SUPPLIED MATERIAL —
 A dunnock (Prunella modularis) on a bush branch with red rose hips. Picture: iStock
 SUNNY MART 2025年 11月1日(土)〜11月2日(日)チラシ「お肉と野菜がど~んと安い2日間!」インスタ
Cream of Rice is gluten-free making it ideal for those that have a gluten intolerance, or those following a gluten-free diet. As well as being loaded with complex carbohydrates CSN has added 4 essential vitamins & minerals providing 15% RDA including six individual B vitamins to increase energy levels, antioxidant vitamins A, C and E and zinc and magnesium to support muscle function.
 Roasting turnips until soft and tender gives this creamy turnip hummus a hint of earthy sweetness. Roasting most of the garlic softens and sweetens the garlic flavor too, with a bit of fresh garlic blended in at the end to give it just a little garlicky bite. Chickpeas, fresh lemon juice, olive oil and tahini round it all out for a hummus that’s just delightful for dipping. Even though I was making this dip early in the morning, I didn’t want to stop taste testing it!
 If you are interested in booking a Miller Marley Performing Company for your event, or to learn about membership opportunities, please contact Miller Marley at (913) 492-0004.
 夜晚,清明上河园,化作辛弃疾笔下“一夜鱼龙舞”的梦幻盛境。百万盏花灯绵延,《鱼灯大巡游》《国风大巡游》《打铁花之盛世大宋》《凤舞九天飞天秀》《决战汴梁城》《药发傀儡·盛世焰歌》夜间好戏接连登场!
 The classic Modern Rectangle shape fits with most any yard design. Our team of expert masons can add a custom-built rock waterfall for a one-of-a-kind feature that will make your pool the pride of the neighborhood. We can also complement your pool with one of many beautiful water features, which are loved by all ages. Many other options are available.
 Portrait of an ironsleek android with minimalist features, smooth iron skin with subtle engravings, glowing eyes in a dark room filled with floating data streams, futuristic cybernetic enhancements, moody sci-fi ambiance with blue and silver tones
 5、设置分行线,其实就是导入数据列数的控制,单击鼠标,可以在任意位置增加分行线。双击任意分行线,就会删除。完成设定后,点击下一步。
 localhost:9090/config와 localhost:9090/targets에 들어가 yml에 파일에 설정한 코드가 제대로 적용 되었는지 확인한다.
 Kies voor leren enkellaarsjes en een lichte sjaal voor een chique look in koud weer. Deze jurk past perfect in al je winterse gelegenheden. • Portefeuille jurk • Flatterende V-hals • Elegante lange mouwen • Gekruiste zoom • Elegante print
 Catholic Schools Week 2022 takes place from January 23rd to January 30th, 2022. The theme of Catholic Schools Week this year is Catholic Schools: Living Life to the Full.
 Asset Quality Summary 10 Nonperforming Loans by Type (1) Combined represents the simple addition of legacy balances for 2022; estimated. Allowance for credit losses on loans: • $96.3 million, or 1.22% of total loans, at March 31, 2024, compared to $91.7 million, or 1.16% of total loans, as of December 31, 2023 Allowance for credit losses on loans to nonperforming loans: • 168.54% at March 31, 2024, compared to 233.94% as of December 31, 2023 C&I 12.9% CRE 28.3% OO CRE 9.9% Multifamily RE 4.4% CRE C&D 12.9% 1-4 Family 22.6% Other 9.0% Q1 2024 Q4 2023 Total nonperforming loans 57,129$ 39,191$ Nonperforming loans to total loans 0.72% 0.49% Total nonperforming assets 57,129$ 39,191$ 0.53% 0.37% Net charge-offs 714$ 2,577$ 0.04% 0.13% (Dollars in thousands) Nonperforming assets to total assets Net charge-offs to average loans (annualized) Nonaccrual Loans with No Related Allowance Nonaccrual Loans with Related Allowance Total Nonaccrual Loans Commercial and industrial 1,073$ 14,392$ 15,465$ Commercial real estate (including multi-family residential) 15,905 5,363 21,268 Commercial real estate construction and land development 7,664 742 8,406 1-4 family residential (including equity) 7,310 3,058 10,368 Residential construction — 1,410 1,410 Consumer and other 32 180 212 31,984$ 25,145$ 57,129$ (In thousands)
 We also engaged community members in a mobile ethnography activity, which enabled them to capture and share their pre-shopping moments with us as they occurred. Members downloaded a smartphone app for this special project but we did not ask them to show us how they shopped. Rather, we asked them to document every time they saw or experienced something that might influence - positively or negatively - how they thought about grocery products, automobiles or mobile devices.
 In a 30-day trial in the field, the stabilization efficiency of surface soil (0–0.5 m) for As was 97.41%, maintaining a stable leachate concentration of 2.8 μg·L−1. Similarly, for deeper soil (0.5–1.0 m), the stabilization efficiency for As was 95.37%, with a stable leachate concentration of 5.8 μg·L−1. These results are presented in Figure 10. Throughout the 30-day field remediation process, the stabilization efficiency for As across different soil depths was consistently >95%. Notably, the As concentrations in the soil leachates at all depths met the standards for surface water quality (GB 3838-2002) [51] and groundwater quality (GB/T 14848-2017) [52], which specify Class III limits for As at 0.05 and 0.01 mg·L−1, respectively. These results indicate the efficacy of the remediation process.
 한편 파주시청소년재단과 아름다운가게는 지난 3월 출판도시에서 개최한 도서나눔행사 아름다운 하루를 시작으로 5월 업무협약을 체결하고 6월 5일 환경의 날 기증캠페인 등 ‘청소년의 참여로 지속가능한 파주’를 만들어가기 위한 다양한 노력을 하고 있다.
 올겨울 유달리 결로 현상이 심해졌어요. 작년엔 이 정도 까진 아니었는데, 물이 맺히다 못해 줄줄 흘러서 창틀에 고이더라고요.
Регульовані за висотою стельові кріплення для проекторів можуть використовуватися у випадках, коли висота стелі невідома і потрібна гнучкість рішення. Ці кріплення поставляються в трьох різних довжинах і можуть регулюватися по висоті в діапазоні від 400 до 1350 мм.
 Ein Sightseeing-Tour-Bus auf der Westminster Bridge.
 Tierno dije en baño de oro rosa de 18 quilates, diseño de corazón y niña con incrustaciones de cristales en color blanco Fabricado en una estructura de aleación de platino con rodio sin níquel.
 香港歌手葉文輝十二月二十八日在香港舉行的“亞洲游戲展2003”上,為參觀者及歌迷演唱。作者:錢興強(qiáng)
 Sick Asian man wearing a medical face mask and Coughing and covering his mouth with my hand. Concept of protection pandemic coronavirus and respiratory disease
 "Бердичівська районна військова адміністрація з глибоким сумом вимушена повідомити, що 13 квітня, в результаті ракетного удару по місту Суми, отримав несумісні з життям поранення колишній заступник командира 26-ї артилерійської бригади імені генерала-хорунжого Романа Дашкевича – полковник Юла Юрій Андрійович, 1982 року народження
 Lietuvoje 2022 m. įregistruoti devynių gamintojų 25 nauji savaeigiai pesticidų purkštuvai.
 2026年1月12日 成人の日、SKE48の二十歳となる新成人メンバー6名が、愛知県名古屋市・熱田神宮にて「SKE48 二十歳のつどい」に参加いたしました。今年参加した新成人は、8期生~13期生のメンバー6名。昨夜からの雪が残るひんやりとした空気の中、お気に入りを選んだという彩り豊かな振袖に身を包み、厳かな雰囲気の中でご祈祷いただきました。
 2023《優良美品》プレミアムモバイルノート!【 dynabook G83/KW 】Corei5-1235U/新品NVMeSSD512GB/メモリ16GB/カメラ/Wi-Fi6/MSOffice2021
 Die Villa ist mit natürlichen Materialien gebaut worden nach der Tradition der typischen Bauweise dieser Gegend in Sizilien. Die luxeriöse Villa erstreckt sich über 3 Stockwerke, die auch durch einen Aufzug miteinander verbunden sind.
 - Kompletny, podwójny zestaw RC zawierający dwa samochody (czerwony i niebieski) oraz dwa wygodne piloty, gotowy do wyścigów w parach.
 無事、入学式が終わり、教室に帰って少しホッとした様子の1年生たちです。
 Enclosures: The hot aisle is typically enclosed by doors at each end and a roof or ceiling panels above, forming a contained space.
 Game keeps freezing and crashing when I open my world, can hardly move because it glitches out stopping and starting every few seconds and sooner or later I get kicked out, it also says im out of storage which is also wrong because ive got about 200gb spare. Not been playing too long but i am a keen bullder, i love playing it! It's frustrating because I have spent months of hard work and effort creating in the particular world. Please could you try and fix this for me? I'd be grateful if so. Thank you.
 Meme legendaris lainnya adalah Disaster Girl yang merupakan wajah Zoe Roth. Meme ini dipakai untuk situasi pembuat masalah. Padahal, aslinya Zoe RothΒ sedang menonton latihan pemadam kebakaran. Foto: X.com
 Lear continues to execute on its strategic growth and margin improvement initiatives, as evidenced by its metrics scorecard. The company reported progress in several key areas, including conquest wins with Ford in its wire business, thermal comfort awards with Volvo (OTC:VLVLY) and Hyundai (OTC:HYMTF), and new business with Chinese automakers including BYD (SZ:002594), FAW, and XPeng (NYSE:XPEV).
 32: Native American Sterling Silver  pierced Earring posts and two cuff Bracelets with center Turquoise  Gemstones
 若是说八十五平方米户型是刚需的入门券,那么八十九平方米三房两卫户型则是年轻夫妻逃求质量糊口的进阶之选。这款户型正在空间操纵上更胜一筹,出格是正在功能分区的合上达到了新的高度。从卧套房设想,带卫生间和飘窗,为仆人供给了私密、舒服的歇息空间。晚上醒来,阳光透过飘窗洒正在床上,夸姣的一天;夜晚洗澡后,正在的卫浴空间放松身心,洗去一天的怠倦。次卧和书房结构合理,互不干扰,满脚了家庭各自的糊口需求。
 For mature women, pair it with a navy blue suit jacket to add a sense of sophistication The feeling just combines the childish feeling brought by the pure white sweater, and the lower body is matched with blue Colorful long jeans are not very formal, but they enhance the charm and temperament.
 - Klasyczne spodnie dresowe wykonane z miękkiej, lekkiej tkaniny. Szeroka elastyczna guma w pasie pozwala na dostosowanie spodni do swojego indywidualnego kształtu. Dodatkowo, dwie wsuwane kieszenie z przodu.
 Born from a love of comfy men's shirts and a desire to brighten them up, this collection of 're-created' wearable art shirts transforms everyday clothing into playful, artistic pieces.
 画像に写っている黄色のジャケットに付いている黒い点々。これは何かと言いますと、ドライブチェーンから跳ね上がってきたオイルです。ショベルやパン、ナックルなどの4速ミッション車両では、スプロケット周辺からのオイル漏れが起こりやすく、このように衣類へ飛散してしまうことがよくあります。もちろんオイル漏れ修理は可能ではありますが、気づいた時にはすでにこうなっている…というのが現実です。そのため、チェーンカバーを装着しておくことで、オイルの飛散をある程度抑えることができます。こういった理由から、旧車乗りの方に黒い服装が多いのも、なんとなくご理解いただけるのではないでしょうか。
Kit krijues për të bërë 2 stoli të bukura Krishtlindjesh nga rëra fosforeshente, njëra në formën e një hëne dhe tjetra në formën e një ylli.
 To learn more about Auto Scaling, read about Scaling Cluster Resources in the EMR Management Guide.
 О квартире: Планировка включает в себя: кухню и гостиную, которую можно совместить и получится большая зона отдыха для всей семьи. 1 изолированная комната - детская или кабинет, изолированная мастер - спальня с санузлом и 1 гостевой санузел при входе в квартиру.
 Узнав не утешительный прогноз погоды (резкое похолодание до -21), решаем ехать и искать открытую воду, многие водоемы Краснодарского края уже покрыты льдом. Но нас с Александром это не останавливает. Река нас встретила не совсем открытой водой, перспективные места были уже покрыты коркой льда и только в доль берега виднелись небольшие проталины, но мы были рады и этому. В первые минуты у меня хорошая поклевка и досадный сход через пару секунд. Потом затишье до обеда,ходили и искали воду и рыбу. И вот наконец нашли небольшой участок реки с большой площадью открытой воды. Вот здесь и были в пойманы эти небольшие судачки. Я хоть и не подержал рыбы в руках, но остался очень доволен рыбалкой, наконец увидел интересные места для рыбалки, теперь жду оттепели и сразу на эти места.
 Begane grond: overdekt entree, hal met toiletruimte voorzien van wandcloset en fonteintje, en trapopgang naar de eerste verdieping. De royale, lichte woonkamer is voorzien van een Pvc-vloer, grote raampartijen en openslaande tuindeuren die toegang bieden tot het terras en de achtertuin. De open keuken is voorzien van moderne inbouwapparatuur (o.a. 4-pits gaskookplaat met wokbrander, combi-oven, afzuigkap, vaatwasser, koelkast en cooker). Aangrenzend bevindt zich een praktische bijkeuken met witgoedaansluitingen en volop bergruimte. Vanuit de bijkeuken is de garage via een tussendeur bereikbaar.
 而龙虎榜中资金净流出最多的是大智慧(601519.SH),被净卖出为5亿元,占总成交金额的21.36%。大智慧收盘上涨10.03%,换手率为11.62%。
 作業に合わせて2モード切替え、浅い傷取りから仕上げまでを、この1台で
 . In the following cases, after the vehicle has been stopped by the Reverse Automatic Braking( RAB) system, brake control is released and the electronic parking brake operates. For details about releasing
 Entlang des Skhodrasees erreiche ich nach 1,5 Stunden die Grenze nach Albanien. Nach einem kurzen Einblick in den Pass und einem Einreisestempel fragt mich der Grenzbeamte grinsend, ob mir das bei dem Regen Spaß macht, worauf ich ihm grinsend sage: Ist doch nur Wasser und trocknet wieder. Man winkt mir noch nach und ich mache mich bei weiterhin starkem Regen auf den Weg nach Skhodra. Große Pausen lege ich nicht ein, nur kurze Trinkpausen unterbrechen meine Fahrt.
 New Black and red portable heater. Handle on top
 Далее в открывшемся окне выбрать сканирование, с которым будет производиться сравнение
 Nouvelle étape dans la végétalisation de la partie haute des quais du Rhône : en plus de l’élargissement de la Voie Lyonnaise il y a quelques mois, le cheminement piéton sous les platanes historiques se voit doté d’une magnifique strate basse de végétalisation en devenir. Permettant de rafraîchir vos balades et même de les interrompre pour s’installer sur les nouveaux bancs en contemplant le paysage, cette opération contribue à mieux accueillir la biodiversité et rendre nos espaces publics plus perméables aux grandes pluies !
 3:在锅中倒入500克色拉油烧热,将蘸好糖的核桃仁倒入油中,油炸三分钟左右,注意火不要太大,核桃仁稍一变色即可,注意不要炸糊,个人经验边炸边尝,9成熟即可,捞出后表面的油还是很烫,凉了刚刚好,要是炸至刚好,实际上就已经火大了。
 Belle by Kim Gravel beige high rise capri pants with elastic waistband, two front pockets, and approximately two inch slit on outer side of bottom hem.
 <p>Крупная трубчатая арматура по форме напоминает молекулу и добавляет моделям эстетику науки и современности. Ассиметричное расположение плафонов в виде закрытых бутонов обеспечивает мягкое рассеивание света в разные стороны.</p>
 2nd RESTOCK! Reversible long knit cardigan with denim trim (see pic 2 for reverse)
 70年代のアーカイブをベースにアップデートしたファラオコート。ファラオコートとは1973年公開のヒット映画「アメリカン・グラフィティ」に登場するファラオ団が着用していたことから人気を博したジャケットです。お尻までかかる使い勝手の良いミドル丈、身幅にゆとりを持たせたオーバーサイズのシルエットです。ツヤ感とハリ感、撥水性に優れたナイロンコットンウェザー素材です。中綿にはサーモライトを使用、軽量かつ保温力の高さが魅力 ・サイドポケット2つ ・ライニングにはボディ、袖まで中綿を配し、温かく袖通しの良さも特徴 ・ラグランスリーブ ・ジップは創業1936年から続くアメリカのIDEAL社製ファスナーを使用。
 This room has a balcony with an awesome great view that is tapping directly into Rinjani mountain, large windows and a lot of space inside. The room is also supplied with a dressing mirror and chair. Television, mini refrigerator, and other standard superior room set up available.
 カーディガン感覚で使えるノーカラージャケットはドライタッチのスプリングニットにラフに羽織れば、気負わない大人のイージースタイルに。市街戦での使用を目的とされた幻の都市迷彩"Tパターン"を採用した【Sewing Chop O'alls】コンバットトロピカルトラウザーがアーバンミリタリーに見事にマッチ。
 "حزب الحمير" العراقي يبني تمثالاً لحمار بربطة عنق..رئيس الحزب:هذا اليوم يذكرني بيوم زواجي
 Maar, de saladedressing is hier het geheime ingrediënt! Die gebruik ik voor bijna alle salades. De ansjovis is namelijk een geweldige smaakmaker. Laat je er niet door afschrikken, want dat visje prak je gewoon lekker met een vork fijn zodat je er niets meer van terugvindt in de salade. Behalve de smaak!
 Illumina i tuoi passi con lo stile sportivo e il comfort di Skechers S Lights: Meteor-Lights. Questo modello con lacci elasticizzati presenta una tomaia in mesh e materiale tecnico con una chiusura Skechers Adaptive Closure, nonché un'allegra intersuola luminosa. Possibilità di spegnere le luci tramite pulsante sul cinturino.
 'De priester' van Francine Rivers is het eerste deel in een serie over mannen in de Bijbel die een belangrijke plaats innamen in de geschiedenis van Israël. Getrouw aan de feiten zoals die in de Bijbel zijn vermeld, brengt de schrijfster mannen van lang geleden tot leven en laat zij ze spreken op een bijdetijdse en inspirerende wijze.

TASK DIRECTIONS — Could you retype exactly the lines above, starting at the line that contains "32: Native American" and ending at the line that contains "若是说八十五平方米户型是刚需", and nothing more?

RESPONSE BELOW —
 32: Native American Sterling Silver  pierced Earring posts and two cuff Bracelets with center Turquoise  Gemstones
 若是说八十五平方米户型是刚需的入门券,那么八十九平方米三房两卫户型则是年轻夫妻逃求质量糊口的进阶之选。这款户型正在空间操纵上更胜一筹,出格是正在功能分区的合上达到了新的高度。从卧套房设想,带卫生间和飘窗,为仆人供给了私密、舒服的歇息空间。晚上醒来,阳光透过飘窗洒正在床上,夸姣的一天;夜晚洗澡后,正在的卫浴空间放松身心,洗去一天的怠倦。次卧和书房结构合理,互不干扰,满脚了家庭各自的糊口需求。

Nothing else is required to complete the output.